Give back exactly the lines from the "Zdekauerová Hedvika: Žádost" line to the final line of the records, and only those, minus any pictures.

_Record excerpts_
+++++

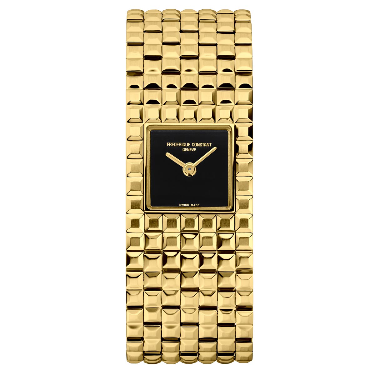 Het in Genève gevestigde horlogemerk Frederique Constant breidt de Classics-collectie uit met een opvallende nieuwe uitvoering. Ter gelegenheid van de eerste verjaardag van de Classics Manchette verschijnt het model nu in een gouden uitvoering, gecombineerd met een diepzwarte wijzerplaat van onyx.
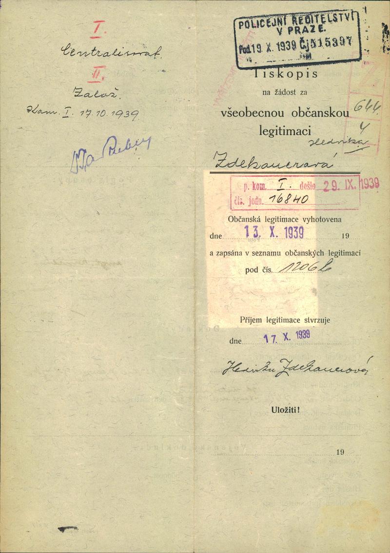Zdekauerová Hedvika: Žádost o vydání občanské legitimace
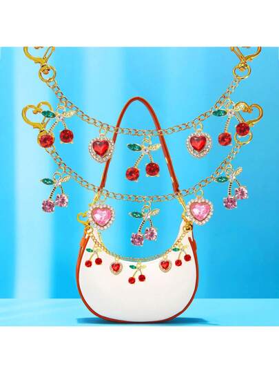 水钻心形和樱桃形包包链饰物 心形和樱桃形包包链饰物 金色装饰包包链饰物 钱包延长器 钱包链带替换包装饰链饰物 女士配饰 单肩包 手提包 腋下包 生日及节日 情人节 圣诞礼物
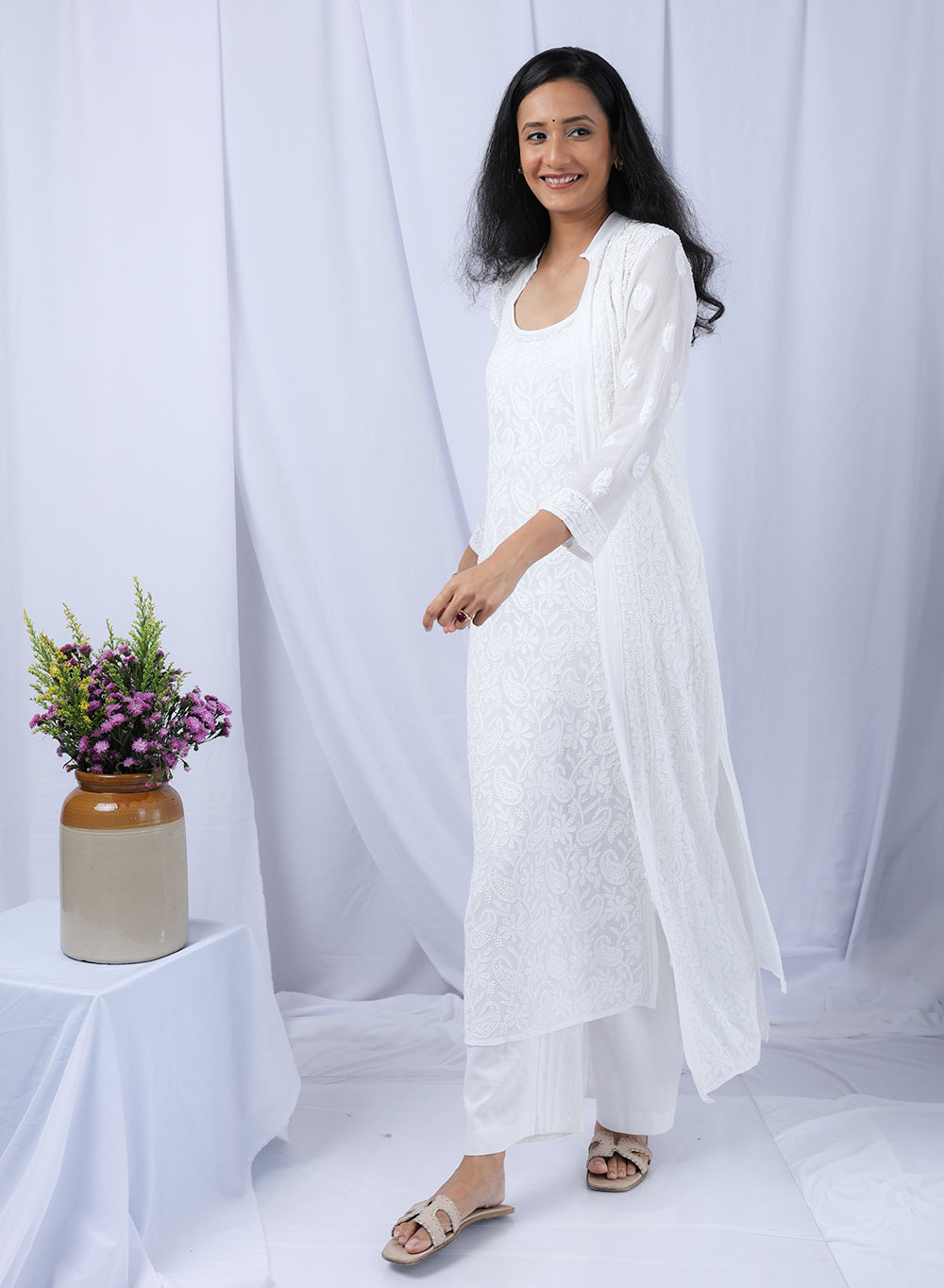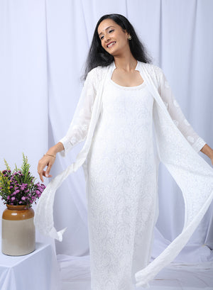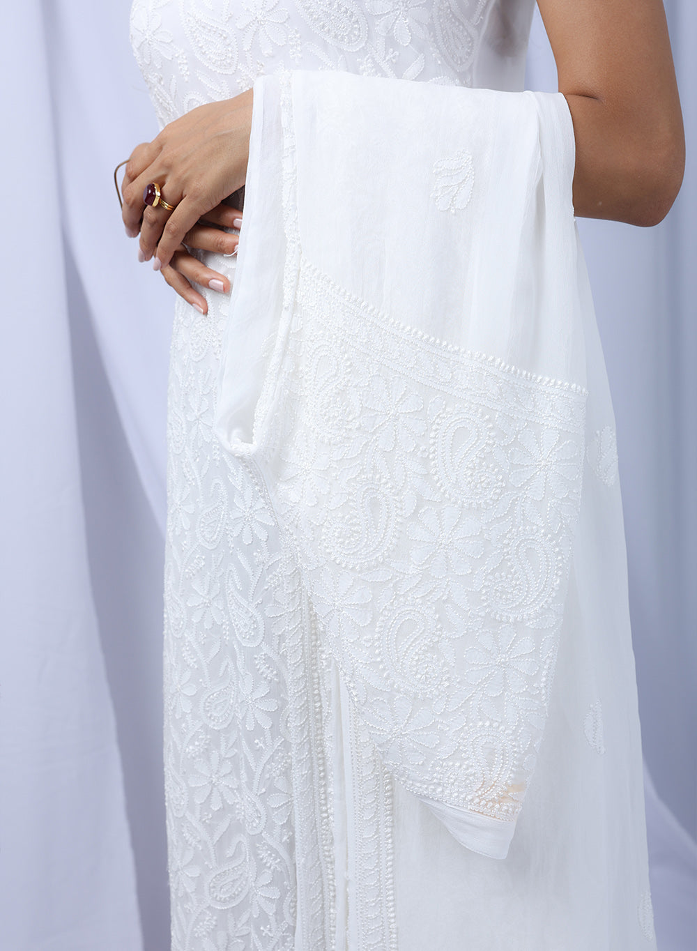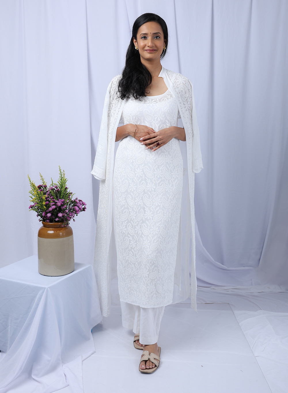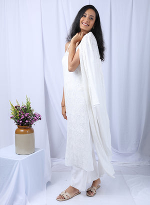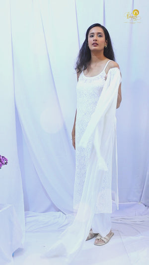 Made from rich white viscose, this set drapes beautifully and offers both comfort and refined style. The delicate, hand-embroidered chikankari motifs add a layer of intricate artistry, speaking volumes about the heritage of Lucknowi craftsmanship.
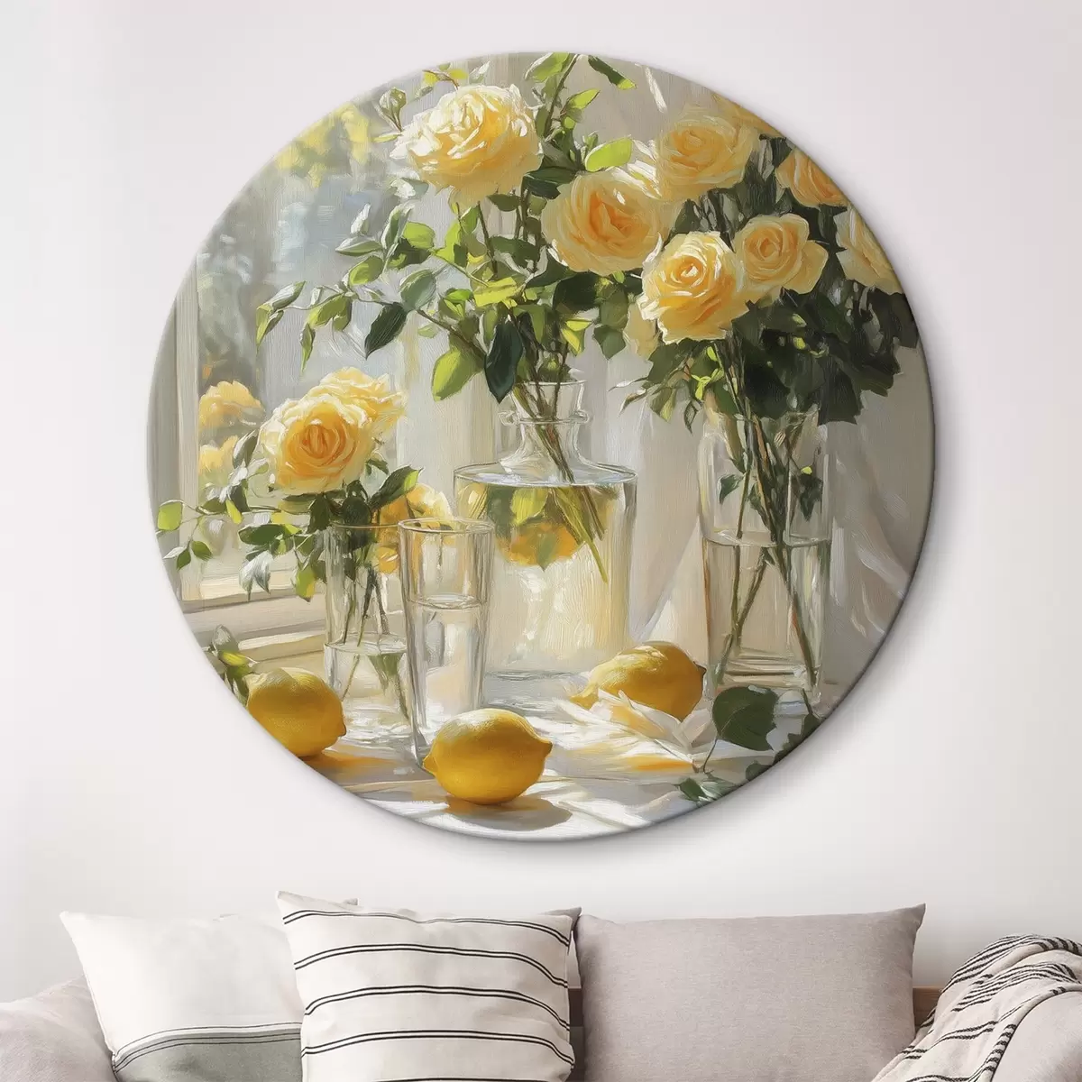 Quadri rotondi Rose in vaso, disegno a olio, luce delicata del sole, limoni, primavera r43887

+++++

_Solution for this problem_
Zdekauerová Hedvika: Žádost o vydání občanské legitimace
 水钻心形和樱桃形包包链饰物 心形和樱桃形包包链饰物 金色装饰包包链饰物 钱包延长器 钱包链带替换包装饰链饰物 女士配饰 单肩包 手提包 腋下包 生日及节日 情人节 圣诞礼物
 Made from rich white viscose, this set drapes beautifully and offers both comfort and refined style. The delicate, hand-embroidered chikankari motifs add a layer of intricate artistry, speaking volumes about the heritage of Lucknowi craftsmanship.
 Quadri rotondi Rose in vaso, disegno a olio, luce delicata del sole, limoni, primavera r43887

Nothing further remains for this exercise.